Swinging from the handle of the grill door with gay abandon

There is a cornucopia of toys in our house. A profusion of play things. A smorgasbord of activities. Or, as I usually refer to them, a Whole Heap of Plastic Crap. Okay, not all of them are plastic, we do have some wooden toys. These are the items that gather dust on the shelves, alarmingly staying put where they are meant to be whilst the rest of the detritus masquerading as young children’s entertainment  eddies and swirls around the house being slowly obliterated by two boys, who appear to have two modes of play: destruction and destruction10.

Which is why we haven’t really bothered buying many toys for our youngest. There was simply no more room left on the shelves and despite ‘sort toys’ being on the to-do list for approximately the last 18 months, we have just not got round to it. I did walk into the play room about five months ago with every intention of doing it, looked at the cupboard whose door won’t actually shut due to the immense amount of stuff crammed in, surveyed the shelves, (well, I surveyed what was on the shelves, I can’t actually see the shelves, they are totally buried in crap), sighed heavily and walked out again. Opportunities to get rid of toys are remote: firstly, it requires no children – specifically, no four year olds. Otherwise he suddenly develops a born-again fascination with a toy designed for a three month old and clutches it to his chest to protect it from the evil Charity Bag. Once, I did manage to fill a bag with toys to give to charity when he was otherwise diverted, and stupidly left it by the front door. An hour later, all that was left was an empty carrier bag and a trail of toy parts.

B does have some baby toys – a few from us, more from friends and family – but they are small in number and, it appears, in attraction. Why play with a plastic phone that has weak flashing lights and tinny voices coming out of it, when you can chew the helmet off your big brother’s Play Mobil fire man? Why roll a musical ball along the floor when you can trap your small fingers in a pull-back-and-go stunt car?
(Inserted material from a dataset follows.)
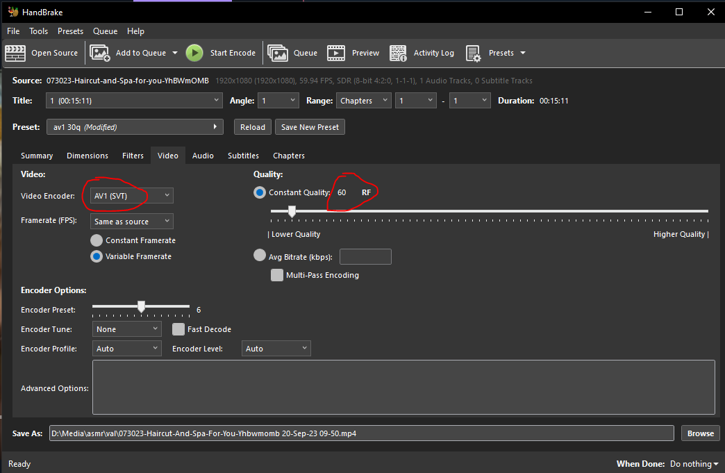 главное тут AV1 кодек и шакальное качество 60 (чем больше число, тем хуже качество), а битрейт он сам подбирает, чтобы соответствовать уровню

But even these ridiculously age-inappropriate toys hold only the dullest of allure for my one year old. Whether it was the paltry selection of toys on offer when he first realised that there was more to life than lying on your back, shitting at will and drinking whatever was waved in front of his nose (God, that sounds like Heaven…) or his general obtuseness, I have no idea. But what B really loves are not toys at all. His favourite play things are as follows:

The washing machine. Not only does it have plenty of silver buttons, all of which make loud, annoying beeps, there is a huge turny-knob-thing just crying out to be turned and turned and turned and turned. And if he can just get his leg high enough, there seems to be a fantastic opportunity to play Wall of Death with the shiniest of shiny silver drums.

The dishwasher. Oh my god, the excitement of it all. Just like a washing machine, except more lights. And sometimes, a really fascinating whirring sound.

The radiator knobs. B can sit for ages, turning these. They often come off in his hand, never to be seen again. I dread the next time the heating comes on: we will either freeze or melt, depending on just how far he managed to turn them.

The DVD player. In the “old days” when there were video players, parents would bemoan the fact that kids would post toast into the slot. No more of that malarkey, you pesky kids, we have DVD players now. Hah. But, B thinks,  eyeing up the DVD player as I have forgotten to shut the child-locked cabinet door, I am going to get this small piece of Lego into that thin slot even if it kills me.

The bottom drawer. We have a set of drawers in our kitchen. Inevitably, there is therefore, a bottom drawer, otherwise known as the Home for the Lost, Abandoned or Unidentified. It’s like the immigration department for general household shit: stuff comes to my attention that I don’t know where it’s from, or where it should be going to, or if, indeed, it has any rights at all to be in the house, so in the bottom drawer it goes, for processing and sorting at some later, unspecified, probably-never, later date. Chargers that have been separated from the appliance to which they once gave life, a single candle stick, a spare piece of venetian blind, a glass place mat that weighs roughly the same as a breeze block, three egg cosies, and a whole load of other shit reside within. Until, of course, B opens the drawer. In which case, every single item bar the place mat is removed, licked, chewed and thrown over his shoulder, roughly as many times as I care to replace everything back into said bottom drawer. I think I may just be done with it, and give him a bin to put everything in the next time.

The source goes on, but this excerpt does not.